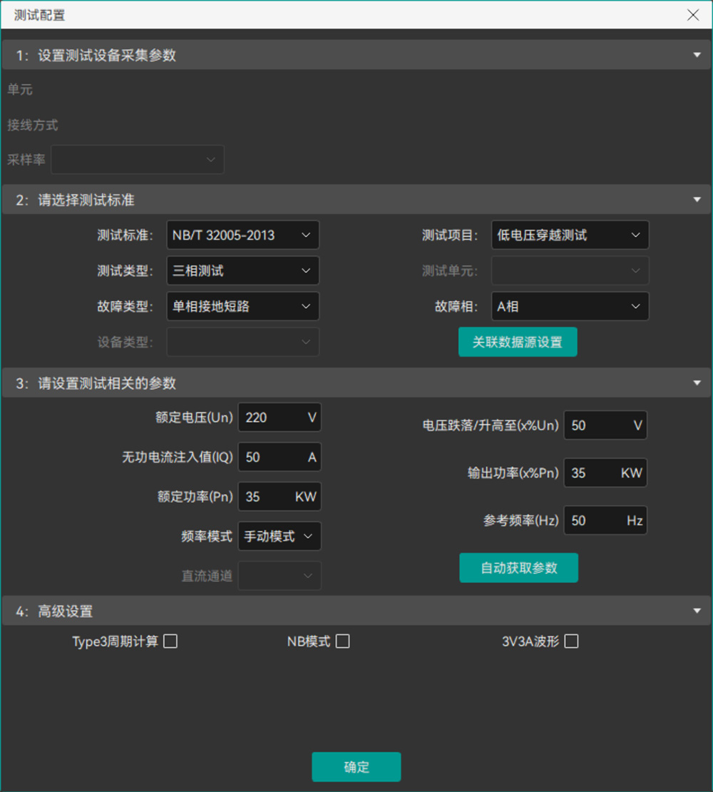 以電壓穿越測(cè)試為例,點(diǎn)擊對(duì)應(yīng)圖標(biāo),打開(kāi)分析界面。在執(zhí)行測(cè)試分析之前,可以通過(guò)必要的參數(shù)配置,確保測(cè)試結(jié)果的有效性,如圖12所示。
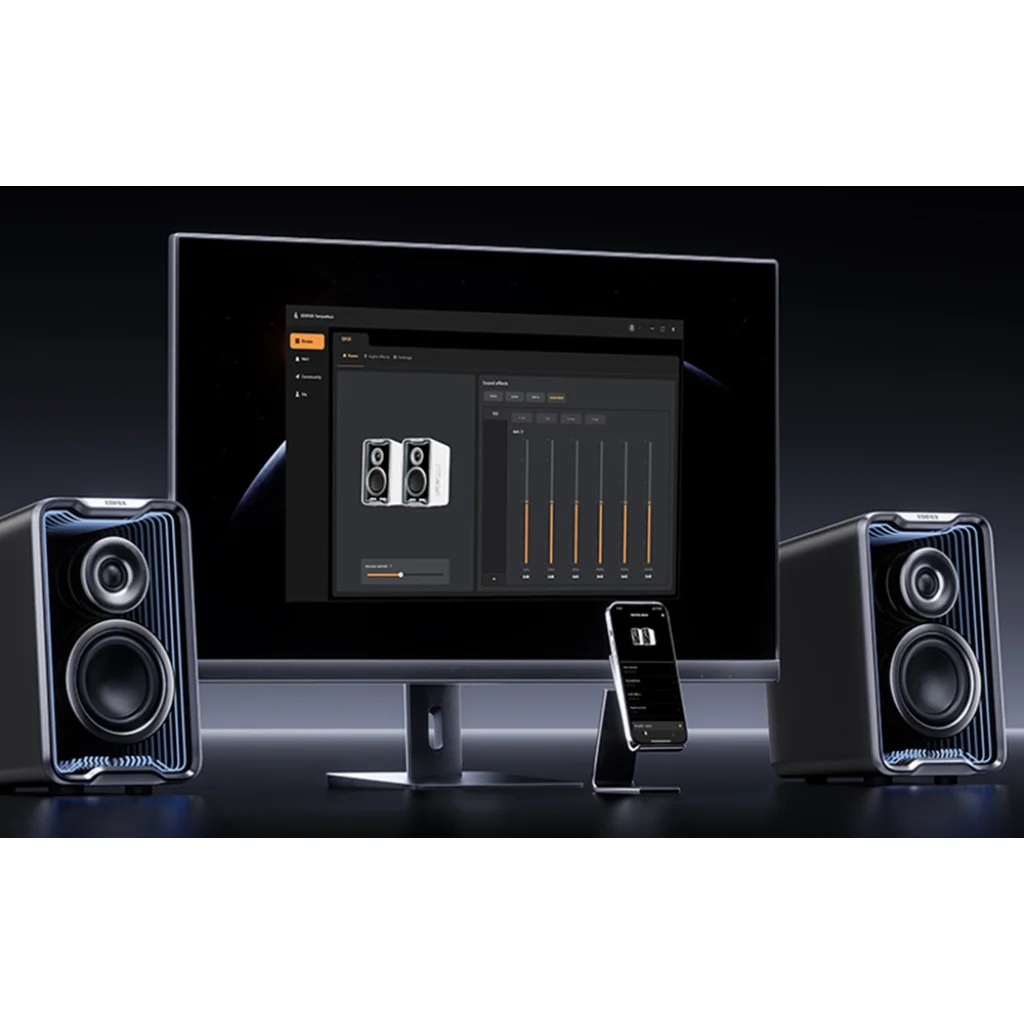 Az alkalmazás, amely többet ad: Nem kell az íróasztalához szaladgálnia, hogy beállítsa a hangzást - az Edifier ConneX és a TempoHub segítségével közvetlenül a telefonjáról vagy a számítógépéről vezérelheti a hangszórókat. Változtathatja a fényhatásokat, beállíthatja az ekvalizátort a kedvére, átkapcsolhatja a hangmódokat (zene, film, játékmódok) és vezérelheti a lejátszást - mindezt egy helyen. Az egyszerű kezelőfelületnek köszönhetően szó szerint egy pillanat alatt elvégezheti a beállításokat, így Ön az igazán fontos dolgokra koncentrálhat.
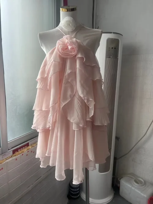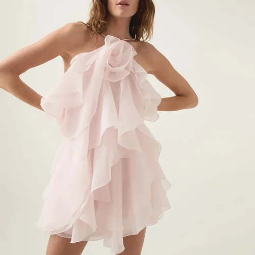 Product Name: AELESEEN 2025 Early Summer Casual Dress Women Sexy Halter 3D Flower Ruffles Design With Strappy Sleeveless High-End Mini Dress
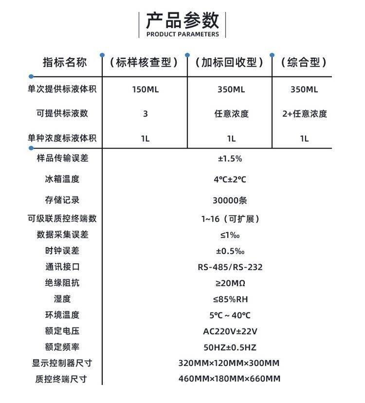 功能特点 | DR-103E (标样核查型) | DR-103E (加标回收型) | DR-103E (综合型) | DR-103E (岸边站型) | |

- - -

Each line of the listing above must be given again exactly; the pictures are to be left out.

### [Task answer]
 以電壓穿越測(cè)試為例,點(diǎn)擊對(duì)應(yīng)圖標(biāo),打開(kāi)分析界面。在執(zhí)行測(cè)試分析之前,可以通過(guò)必要的參數(shù)配置,確保測(cè)試結(jié)果的有效性,如圖12所示。
 Az alkalmazás, amely többet ad: Nem kell az íróasztalához szaladgálnia, hogy beállítsa a hangzást - az Edifier ConneX és a TempoHub segítségével közvetlenül a telefonjáról vagy a számítógépéről vezérelheti a hangszórókat. Változtathatja a fényhatásokat, beállíthatja az ekvalizátort a kedvére, átkapcsolhatja a hangmódokat (zene, film, játékmódok) és vezérelheti a lejátszást - mindezt egy helyen. Az egyszerű kezelőfelületnek köszönhetően szó szerint egy pillanat alatt elvégezheti a beállításokat, így Ön az igazán fontos dolgokra koncentrálhat.
 Product Name: AELESEEN 2025 Early Summer Casual Dress Women Sexy Halter 3D Flower Ruffles Design With Strappy Sleeveless High-End Mini Dress
 功能特点 | DR-103E (标样核查型) | DR-103E (加标回收型) | DR-103E (综合型) | DR-103E (岸边站型) | |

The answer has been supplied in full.